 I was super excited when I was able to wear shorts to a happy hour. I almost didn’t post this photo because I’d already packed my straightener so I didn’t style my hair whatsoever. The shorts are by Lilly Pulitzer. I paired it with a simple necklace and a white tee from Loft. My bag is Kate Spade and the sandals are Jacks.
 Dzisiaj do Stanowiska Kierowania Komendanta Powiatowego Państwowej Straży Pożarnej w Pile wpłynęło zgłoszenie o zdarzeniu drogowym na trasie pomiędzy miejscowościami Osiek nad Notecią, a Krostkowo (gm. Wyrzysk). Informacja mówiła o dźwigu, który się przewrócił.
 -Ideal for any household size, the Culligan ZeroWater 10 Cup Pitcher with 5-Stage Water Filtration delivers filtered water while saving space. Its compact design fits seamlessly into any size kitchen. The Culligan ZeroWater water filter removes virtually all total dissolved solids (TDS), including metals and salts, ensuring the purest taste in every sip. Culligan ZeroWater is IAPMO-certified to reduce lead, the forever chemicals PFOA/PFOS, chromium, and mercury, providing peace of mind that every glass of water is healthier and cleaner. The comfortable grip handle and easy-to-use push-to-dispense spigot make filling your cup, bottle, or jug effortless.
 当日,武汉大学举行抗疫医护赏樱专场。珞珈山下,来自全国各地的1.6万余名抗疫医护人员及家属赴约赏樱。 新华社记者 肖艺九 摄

* * *

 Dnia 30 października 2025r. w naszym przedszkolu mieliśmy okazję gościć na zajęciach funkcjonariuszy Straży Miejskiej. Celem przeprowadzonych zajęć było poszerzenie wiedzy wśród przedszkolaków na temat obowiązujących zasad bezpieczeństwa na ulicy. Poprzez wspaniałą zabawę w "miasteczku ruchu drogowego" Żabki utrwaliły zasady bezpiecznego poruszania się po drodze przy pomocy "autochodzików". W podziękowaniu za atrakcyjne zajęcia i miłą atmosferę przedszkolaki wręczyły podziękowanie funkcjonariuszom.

--

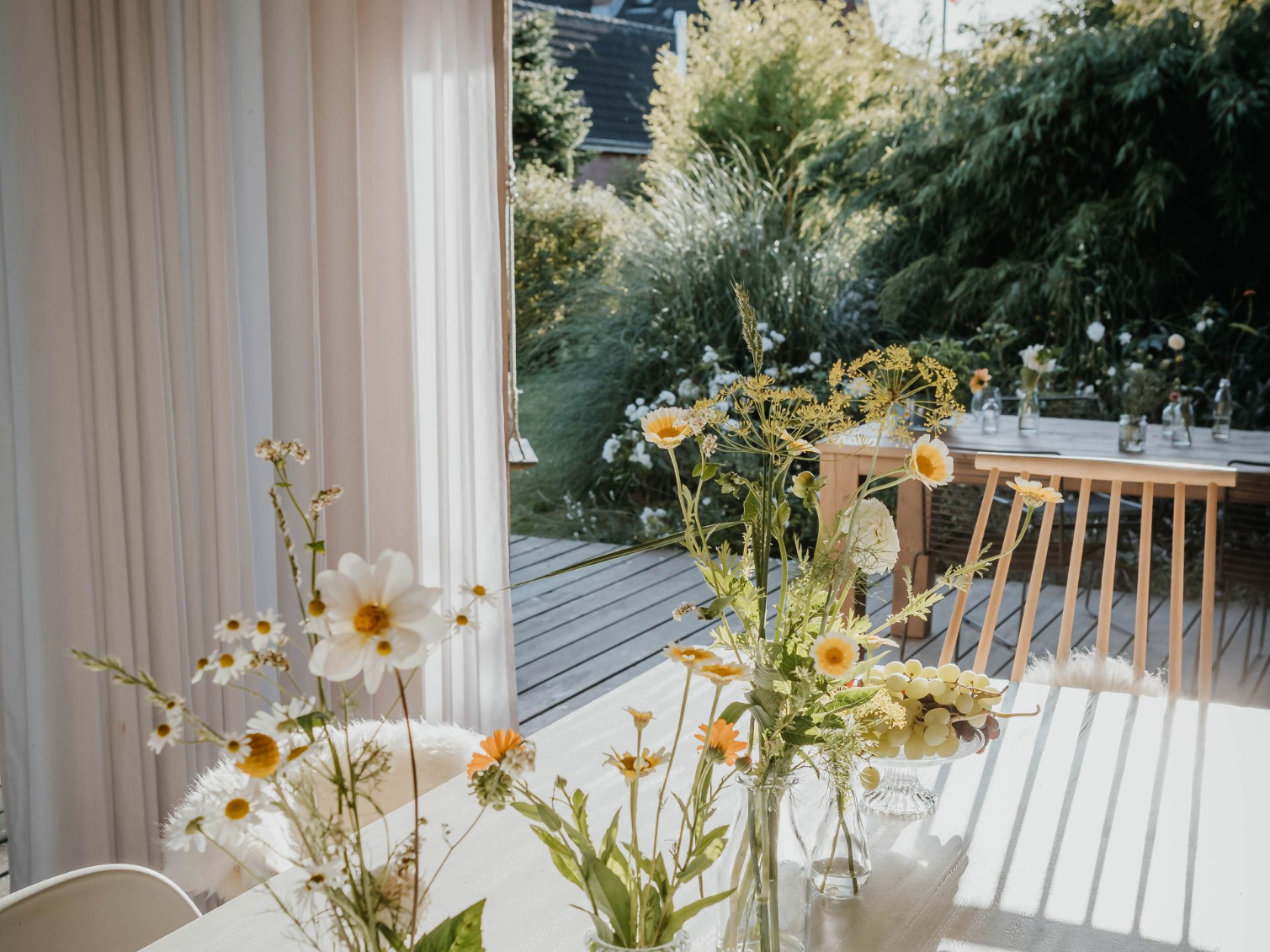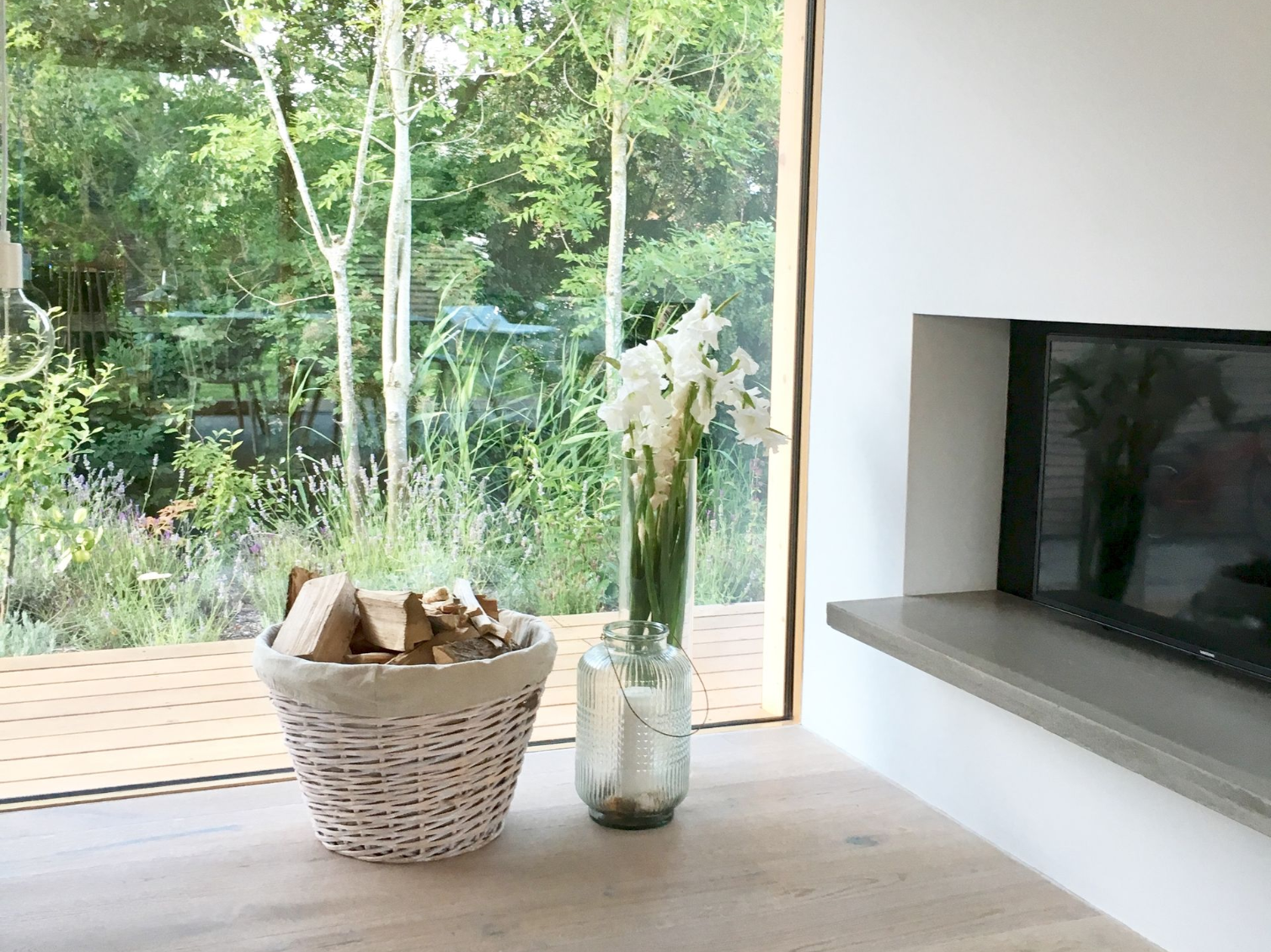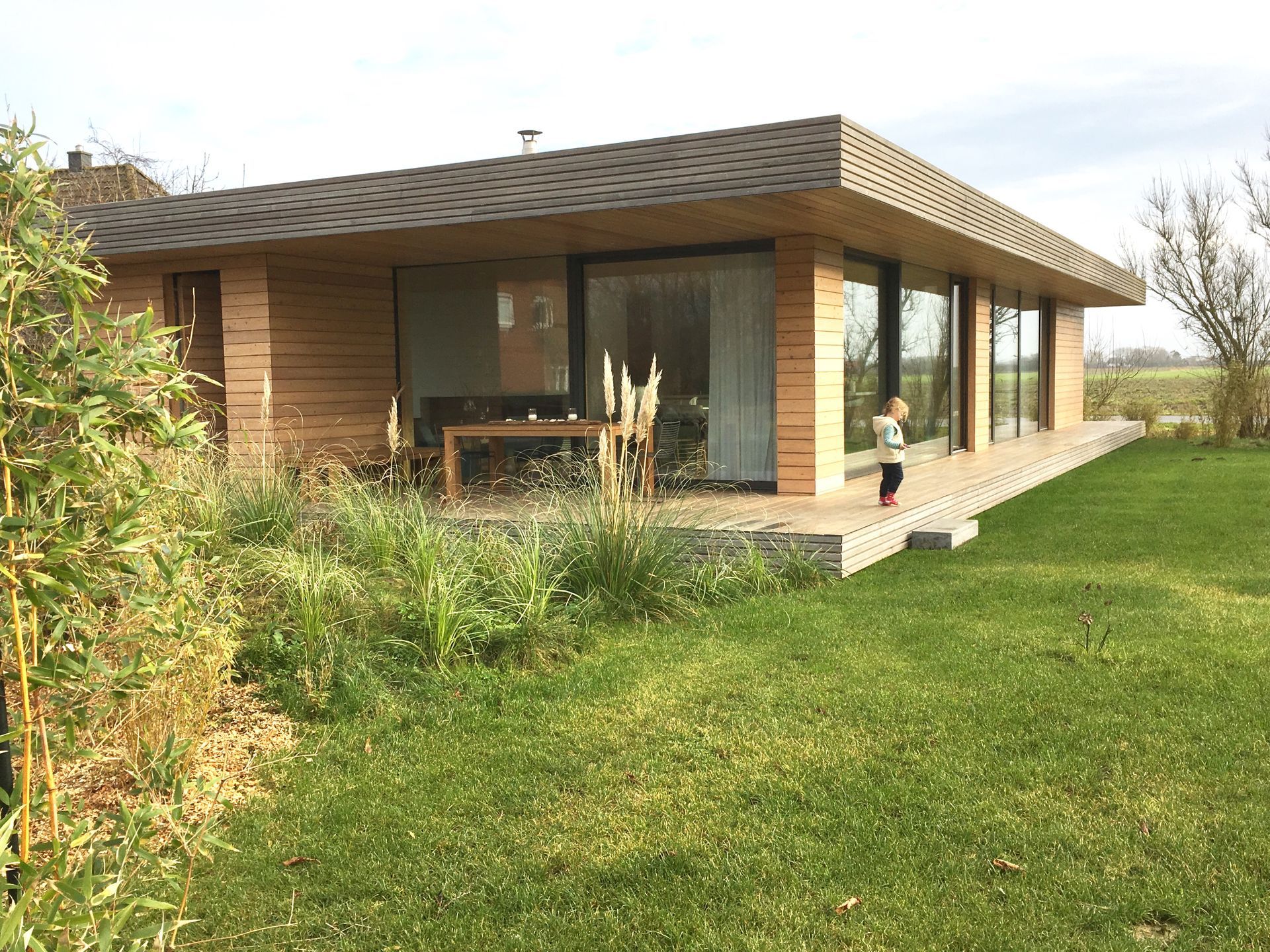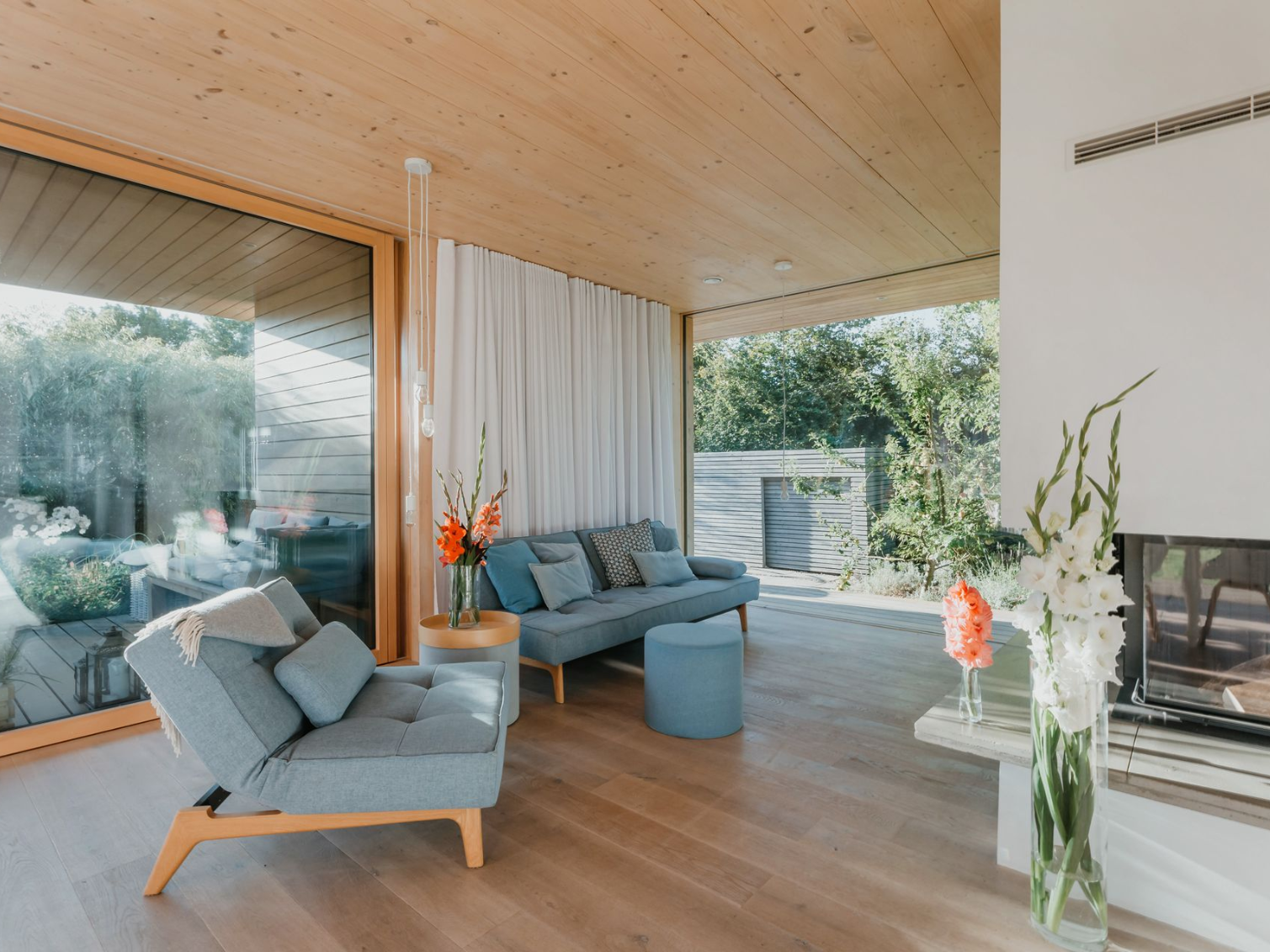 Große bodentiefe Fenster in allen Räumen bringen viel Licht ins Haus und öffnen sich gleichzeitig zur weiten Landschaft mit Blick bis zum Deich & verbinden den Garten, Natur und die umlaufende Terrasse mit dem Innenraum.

◆ **Exercise directions**:
Pull every line containing the word "Straży" out of the material and copy it.

◆ **Your solution**:
 Dzisiaj do Stanowiska Kierowania Komendanta Powiatowego Państwowej Straży Pożarnej w Pile wpłynęło zgłoszenie o zdarzeniu drogowym na trasie pomiędzy miejscowościami Osiek nad Notecią, a Krostkowo (gm. Wyrzysk). Informacja mówiła o dźwigu, który się przewrócił.
 Dnia 30 października 2025r. w naszym przedszkolu mieliśmy okazję gościć na zajęciach funkcjonariuszy Straży Miejskiej. Celem przeprowadzonych zajęć było poszerzenie wiedzy wśród przedszkolaków na temat obowiązujących zasad bezpieczeństwa na ulicy. Poprzez wspaniałą zabawę w "miasteczku ruchu drogowego" Żabki utrwaliły zasady bezpiecznego poruszania się po drodze przy pomocy "autochodzików". W podziękowaniu za atrakcyjne zajęcia i miłą atmosferę przedszkolaki wręczyły podziękowanie funkcjonariuszom.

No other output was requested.